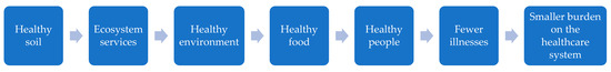 The World Health Organization [21] exposes that poor diets with excessive fat, refined carbohydrate intake, and low fruit and vegetable intake cause obesity and contribute to a large proportion of non-communicable diseases in the World Health Organization European Region; globally, around 45% of deaths in children under 5 years of age are linked to undernutrition. Accelerating decreases in soil quality and biodiversity will affect access to food and its dietary diversity and nutritional value. Evidence also suggests that dietary diversity plays an important role in the gut microbiome, which influences metabolism and other health indices. Specifically, in Brazil, the diversity of the climate and soil makes it possible to produce a diversity of food, supporting dietary diversity and reinforcing the need to improve soil health to meet dietary demands. And this represents a chain, where healthy soil will attend to ecosystem services and produce a healthy environment for food and people, resulting in fewer illnesses and a smaller burden on the healthcare system (Figure 3).
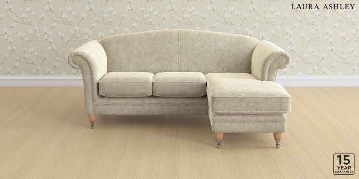 6.12.13 Buy Gloucester by Laura Ashley Medium Sofa Chaise - Universal Nantmor Truffle Natural Low Chrome Castor - Light Oak from the Laura Ashley online shop Click here to use our website with more accessibility support, for example screen readers
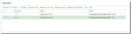 Användaren önskar att ge ett tillägg på 12 kr per transportprisgrundande kvantitet för transporter som sker i transportområdet ”Nord”. Transportområde ”Mellan” ger ett avdrag på 2 kr per transportprisgrundande kvantitet.
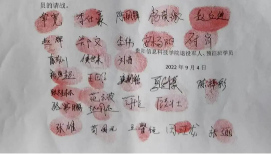 临危请命,方寸之地显本色。“退伍不褪色,军辉心中留。疫情当前,全校师生奋力抗击,作为退役军人、共产党员、共青团员更是责无旁贷。国有难必作为!召之即来,来之能战,战之必胜,为守护我们美丽的校园,奉献绵薄之力,让全校师生平安健康快乐!”退役大学生、共产党员和预征班全体学员纷纷向学校提交请战书。铿锵有力的话语是他们的热血宣言,鲜红清晰的指印是他们的坚定信仰。他们是第一批投身校园疫情防控工作的志愿者,他们布置核酸检测通道和场地,他们搬运物资,他们认真维护检测秩序,他们奔走在疫情防疫的各个角落随时听候指令。预征班学员均是怀有入伍意愿和报国情怀的在校大学生,他们通过预先训练扫清入伍适应“拦路石”,通过定向培养打造精准征集“直通车”,通过典型带动形成国防教育“风景线”,他们始终把塑造高尚的理想信念、锤炼身体素质作为第一追求,在学习锻炼中,知难而勇、奋进笃行,努力成为保家卫国的接班人。
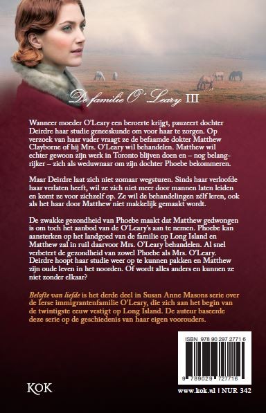'Belofte van liefde' is het derde deel in een serie, maar kan prima los gelezen worden. Benieuwd naar de eerdere belevenissen van de familie O'Leary? Lees dan ook 'Boerendochters' en 'Nobel hart'.
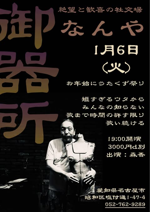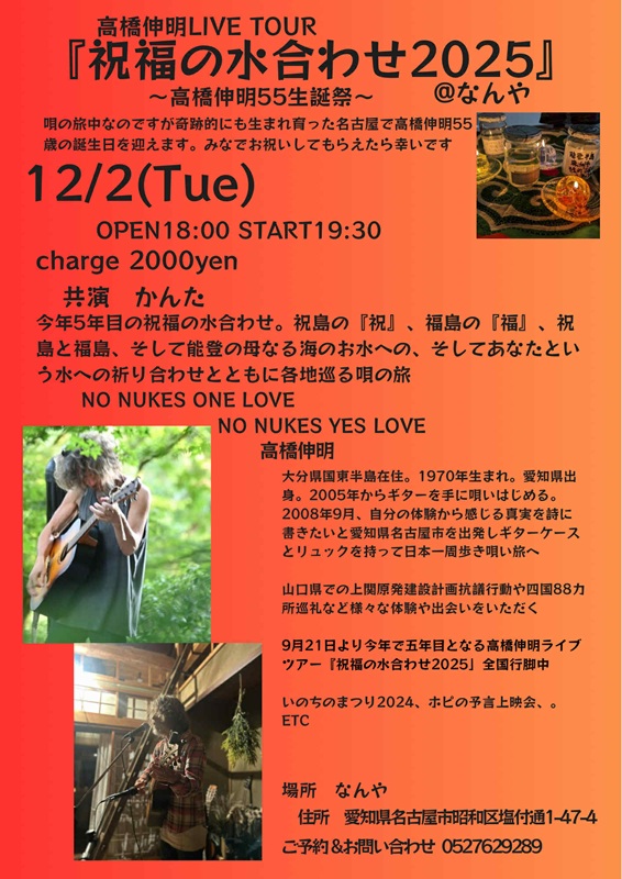 ★予約受付方法: 公演前日までに、なんや052-762-9289まで電話で、または、メールnanyagokiso@wing.ocn.ne.jp 宛メールまたは メールでの予約をお願いいたします。イベント名とその日付、お名前と人数、連絡先をお知らせくださいませ。
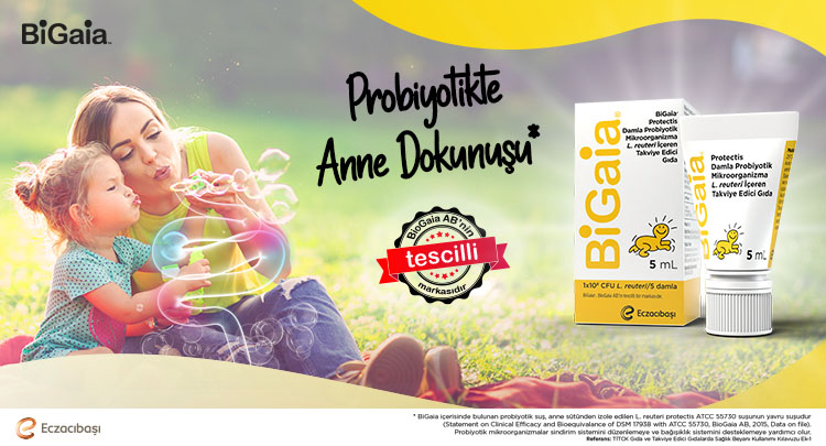 BiGaia D Vitaminli Damla ve BiGaia Saşe ürünleriyle tanıdığımız BiGaia ailesinin yeni üyesi BiGaia Damla şimdi Türkiye'de! İçerisinde anne sütü kaynaklı probiyotik mikroorganizma Limosilactobasillus reuteri Protectis (DSM 17938) suşu bulunuyor1. BiGaia Damla, kolay damlama teknolojisi ile pratik kullanım avantajı sunuyor. Peki siz probiyotikte anne dokunuşuyla tanışmaya hazır mısınız?
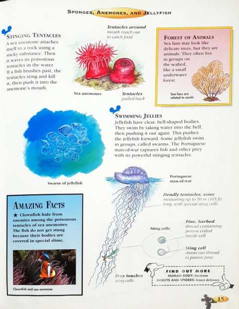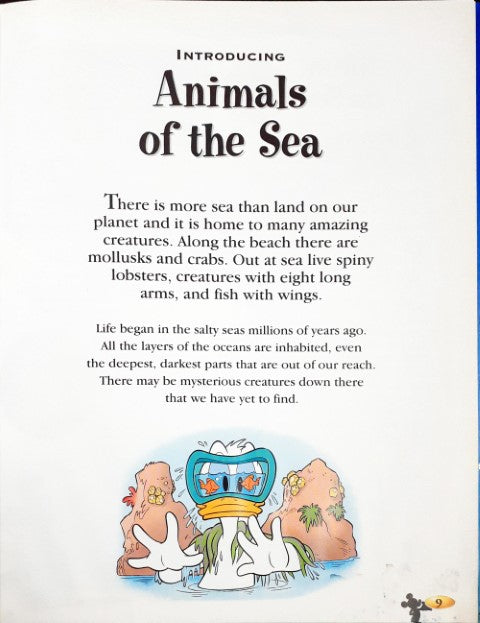 Mickey, Minnie, Donald, Daisy, Goofy and Pluto are ready to take you on an adventure ride through the world of learning. Discover the secrets of science, nature, our world, the past and much more. Climb aboard and enjoy the ride. There is more sea than land on our planet and it is home to many amazing creatures. Along the beach there are mollusks and crabs. Out at sea live spiny lobsters, creatures with eight long arms and fish with wings. Life began in the salty seas millions of years ago. All the layers of the oceans are inhabited, even the deepest, darkest parts that are out of our reach. There may be mysterious creatures down there that we have yet to find.
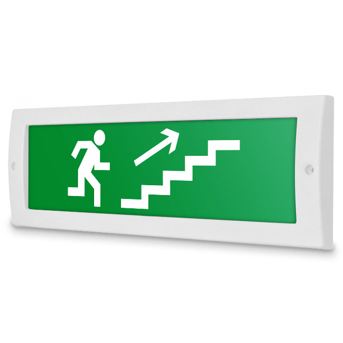 Световое табло «Направление к эвакуационному выходу по лестнице вверх (правосторонний)», Молния (12В) в Москве купить
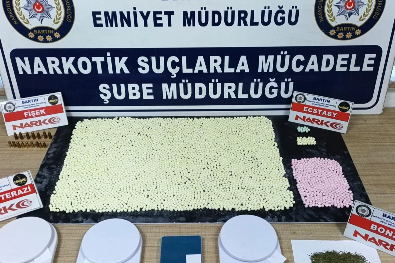 Yapılan ikamet aramalarında ise 4 bin 659 adet ekstasy hap, 4 adet hassas terazi, 3,38 gram sentetik kannabinoid (bonzai), 7 adet 9x19 mm, 9 adeti 7x65 mm olan toplam 16 adet fişek ele geçirildi. Ele geçirilen 4 bin 659 adet ekstasy uyuşturucu hap ise, Bartın tarihinde bir operasyonda ele geçirilmiş en fazla miktardaki ekstasy hap oldu. Gözaltına alınan 10 kişi, Emniyet Müdürlüğü'nündeki işlemleri tamamlanarak önce hastaneye ardından ise Bartın Adliyesi'ne sevk edildi. 8 kişi tutuklandı
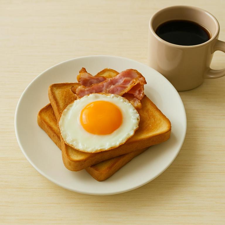 豆から挽く香り高いコーヒーと軽食セット(パン、卵、ベーコン)をご用意しております。
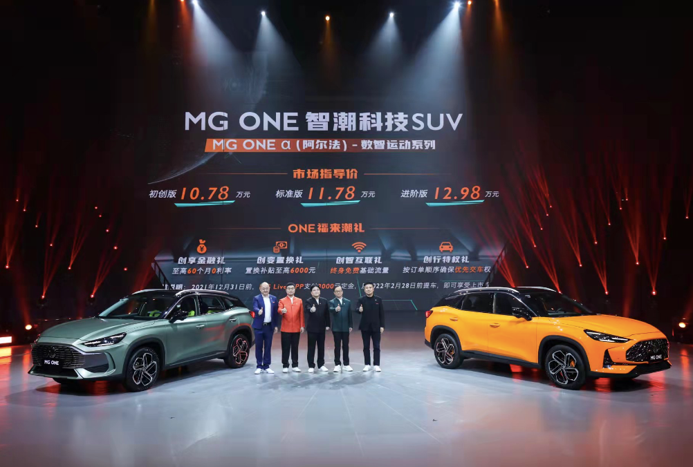 2021年12月02 15:58 来源:蜀锦传媒12月2日,MG旗下首款“智潮科技SUV”MG ONE上市。此次上市的车型为数智运动系列MG ONE-α,共有3个版本供用户选择,且起步就是豪华高配,初创版10.78万元;标准版11.78万元;进阶版12.98万元。2021年12月31日前,用户在MG Live APP支付3000元定金,且2022年2月28日前提车,即可享有ONE福来潮礼——四大上市权益:一是创智互联礼,终身免费基础流量;二是创变置换礼,置换补贴至高6000元;三是创享金融礼,至高可享60个月0利率;四是创行特权礼,按照订单顺序确保优先交车权。科技时尚系列MG ONE-β持续盲定中,并计划于2022年上市。
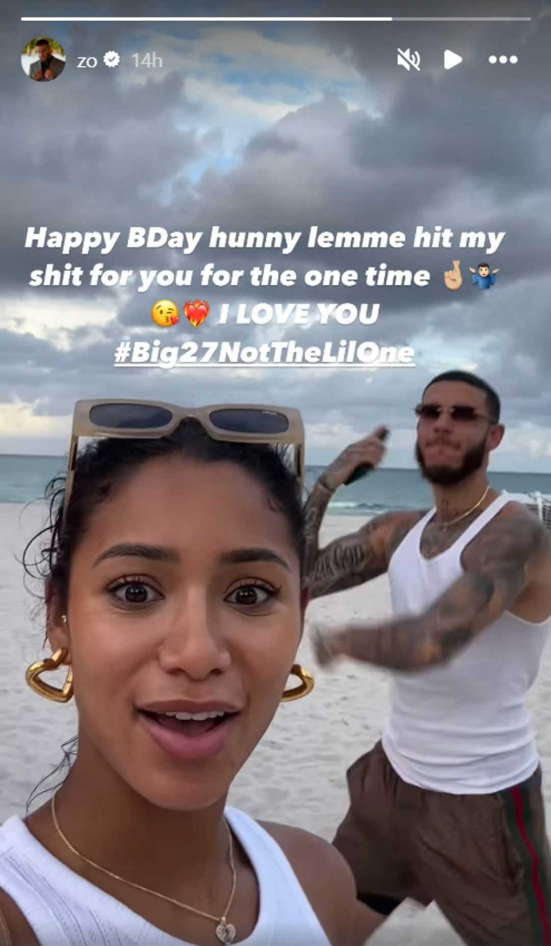 Lonzo breaks out moves as he wishes his girlfriend on her birthday (Image: @zo IG)

______

AIM OF THE EXERCISE >>
A word-for-word copy of the records above is needed, pictures excluded.

WRITTEN ANSWER >>
 The World Health Organization [21] exposes that poor diets with excessive fat, refined carbohydrate intake, and low fruit and vegetable intake cause obesity and contribute to a large proportion of non-communicable diseases in the World Health Organization European Region; globally, around 45% of deaths in children under 5 years of age are linked to undernutrition. Accelerating decreases in soil quality and biodiversity will affect access to food and its dietary diversity and nutritional value. Evidence also suggests that dietary diversity plays an important role in the gut microbiome, which influences metabolism and other health indices. Specifically, in Brazil, the diversity of the climate and soil makes it possible to produce a diversity of food, supporting dietary diversity and reinforcing the need to improve soil health to meet dietary demands. And this represents a chain, where healthy soil will attend to ecosystem services and produce a healthy environment for food and people, resulting in fewer illnesses and a smaller burden on the healthcare system (Figure 3).
 6.12.13 Buy Gloucester by Laura Ashley Medium Sofa Chaise - Universal Nantmor Truffle Natural Low Chrome Castor - Light Oak from the Laura Ashley online shop Click here to use our website with more accessibility support, for example screen readers
 Användaren önskar att ge ett tillägg på 12 kr per transportprisgrundande kvantitet för transporter som sker i transportområdet ”Nord”. Transportområde ”Mellan” ger ett avdrag på 2 kr per transportprisgrundande kvantitet.
 临危请命,方寸之地显本色。“退伍不褪色,军辉心中留。疫情当前,全校师生奋力抗击,作为退役军人、共产党员、共青团员更是责无旁贷。国有难必作为!召之即来,来之能战,战之必胜,为守护我们美丽的校园,奉献绵薄之力,让全校师生平安健康快乐!”退役大学生、共产党员和预征班全体学员纷纷向学校提交请战书。铿锵有力的话语是他们的热血宣言,鲜红清晰的指印是他们的坚定信仰。他们是第一批投身校园疫情防控工作的志愿者,他们布置核酸检测通道和场地,他们搬运物资,他们认真维护检测秩序,他们奔走在疫情防疫的各个角落随时听候指令。预征班学员均是怀有入伍意愿和报国情怀的在校大学生,他们通过预先训练扫清入伍适应“拦路石”,通过定向培养打造精准征集“直通车”,通过典型带动形成国防教育“风景线”,他们始终把塑造高尚的理想信念、锤炼身体素质作为第一追求,在学习锻炼中,知难而勇、奋进笃行,努力成为保家卫国的接班人。
'Belofte van liefde' is het derde deel in een serie, maar kan prima los gelezen worden. Benieuwd naar de eerdere belevenissen van de familie O'Leary? Lees dan ook 'Boerendochters' en 'Nobel hart'.
 ★予約受付方法: 公演前日までに、なんや052-762-9289まで電話で、または、メールnanyagokiso@wing.ocn.ne.jp 宛メールまたは メールでの予約をお願いいたします。イベント名とその日付、お名前と人数、連絡先をお知らせくださいませ。
 BiGaia D Vitaminli Damla ve BiGaia Saşe ürünleriyle tanıdığımız BiGaia ailesinin yeni üyesi BiGaia Damla şimdi Türkiye'de! İçerisinde anne sütü kaynaklı probiyotik mikroorganizma Limosilactobasillus reuteri Protectis (DSM 17938) suşu bulunuyor1. BiGaia Damla, kolay damlama teknolojisi ile pratik kullanım avantajı sunuyor. Peki siz probiyotikte anne dokunuşuyla tanışmaya hazır mısınız?
 Mickey, Minnie, Donald, Daisy, Goofy and Pluto are ready to take you on an adventure ride through the world of learning. Discover the secrets of science, nature, our world, the past and much more. Climb aboard and enjoy the ride. There is more sea than land on our planet and it is home to many amazing creatures. Along the beach there are mollusks and crabs. Out at sea live spiny lobsters, creatures with eight long arms and fish with wings. Life began in the salty seas millions of years ago. All the layers of the oceans are inhabited, even the deepest, darkest parts that are out of our reach. There may be mysterious creatures down there that we have yet to find.
 Световое табло «Направление к эвакуационному выходу по лестнице вверх (правосторонний)», Молния (12В) в Москве купить
 Yapılan ikamet aramalarında ise 4 bin 659 adet ekstasy hap, 4 adet hassas terazi, 3,38 gram sentetik kannabinoid (bonzai), 7 adet 9x19 mm, 9 adeti 7x65 mm olan toplam 16 adet fişek ele geçirildi. Ele geçirilen 4 bin 659 adet ekstasy uyuşturucu hap ise, Bartın tarihinde bir operasyonda ele geçirilmiş en fazla miktardaki ekstasy hap oldu. Gözaltına alınan 10 kişi, Emniyet Müdürlüğü'nündeki işlemleri tamamlanarak önce hastaneye ardından ise Bartın Adliyesi'ne sevk edildi. 8 kişi tutuklandı
 豆から挽く香り高いコーヒーと軽食セット(パン、卵、ベーコン)をご用意しております。
 2021年12月02 15:58 来源:蜀锦传媒12月2日,MG旗下首款“智潮科技SUV”MG ONE上市。此次上市的车型为数智运动系列MG ONE-α,共有3个版本供用户选择,且起步就是豪华高配,初创版10.78万元;标准版11.78万元;进阶版12.98万元。2021年12月31日前,用户在MG Live APP支付3000元定金,且2022年2月28日前提车,即可享有ONE福来潮礼——四大上市权益:一是创智互联礼,终身免费基础流量;二是创变置换礼,置换补贴至高6000元;三是创享金融礼,至高可享60个月0利率;四是创行特权礼,按照订单顺序确保优先交车权。科技时尚系列MG ONE-β持续盲定中,并计划于2022年上市。
 Lonzo breaks out moves as he wishes his girlfriend on her birthday (Image: @zo IG)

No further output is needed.